Monday, 1 May 2023

The First and Cruellest Colonisation

 

The Inheritors


William Golding

(Faber & Faber)

 

Lok and his tribe think of themselves as 'the people', inheritors of an unchanging world. Then, as they follow their migratory pattern, they encounter a new race. The first in a long and brutal history of colonisations has begun.

 

William Golding is rightly lauded for writing The Lord of the Flies. It's a novel that, thanks to being taught to generations of school kids, has wormed its way into popular culture. Even if most of the people citing it have never read the book itself all the way through.
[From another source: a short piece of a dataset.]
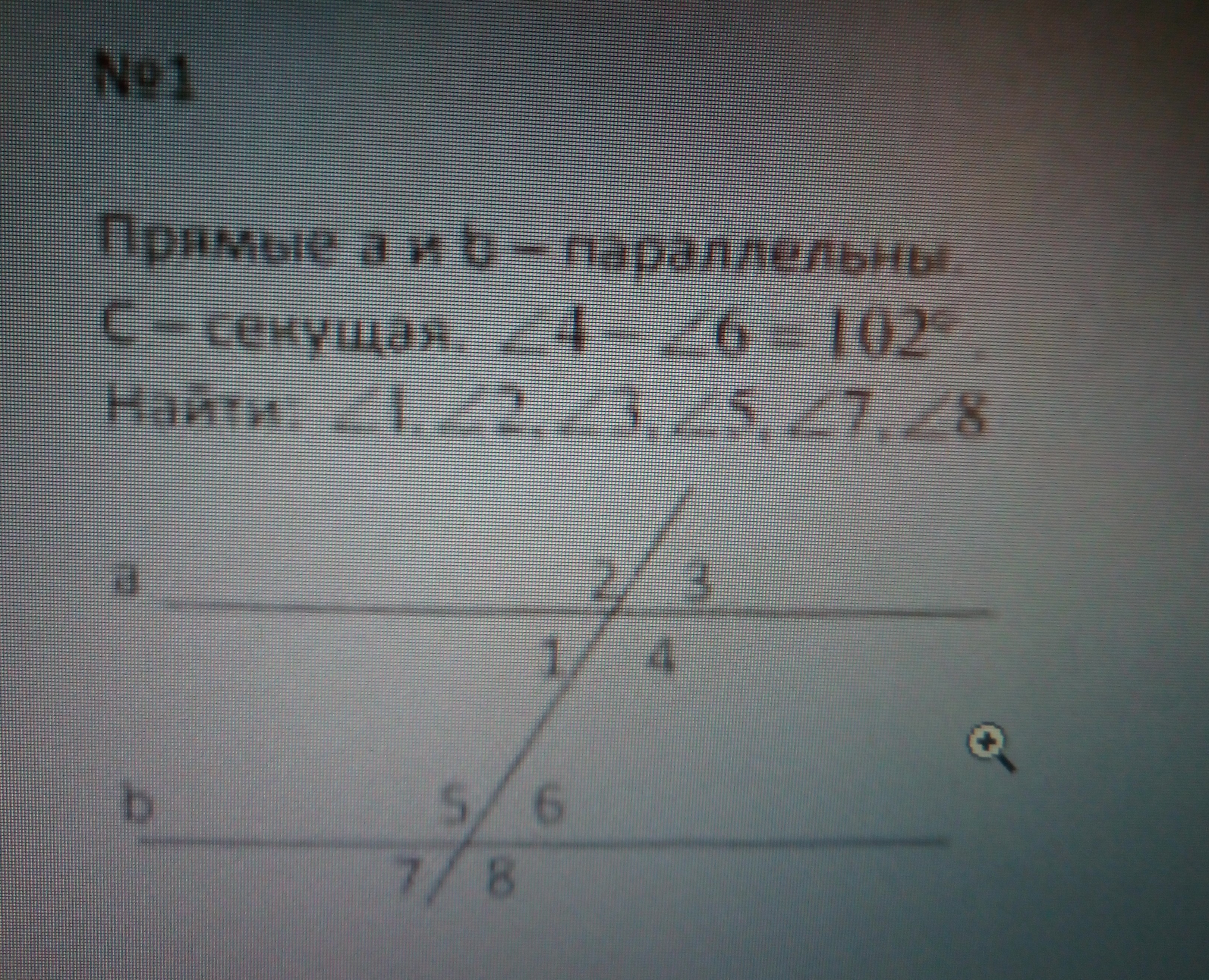 Угол 1=угол 6, так как они накрест лежащие. Сумма смежных углов равна 180. Значит угол 1+угол4=180 и угол 4-угол 1=102. угол4=102+угол1. угол1+102+угол1=180 => угол 1=39, значит угол 4=180-39=141. Так как a||b, то угол1=угол7=угол3=угол6=39. Угол 4=угол2=угол8=угол5=141.

Success at that level can overshadow the rest of a writer's work. That is what seems to have happened to Golding, in the case of this novel, first published in 1955, and it is rather a shame.

 

In The Inheritors, Golding uses Lok and his clan to show creatures who relate to the world in a way that is totally different to ours. He does so in a way that is both strange and sympathetic. These aren't stereotypical "savages" dragging their knuckles down the road to perdition.

 

He also touches on issues of colonisation that are still pertinent today. The doomed Neanderthals being swept away by Homo Sapiens are the ancestors of all the indigenous peoples usurped by the West.

 

This is a brilliantly conceived novel telling one of the oldest and cruellest human stories. One, we are still, sadly, repeating to this day.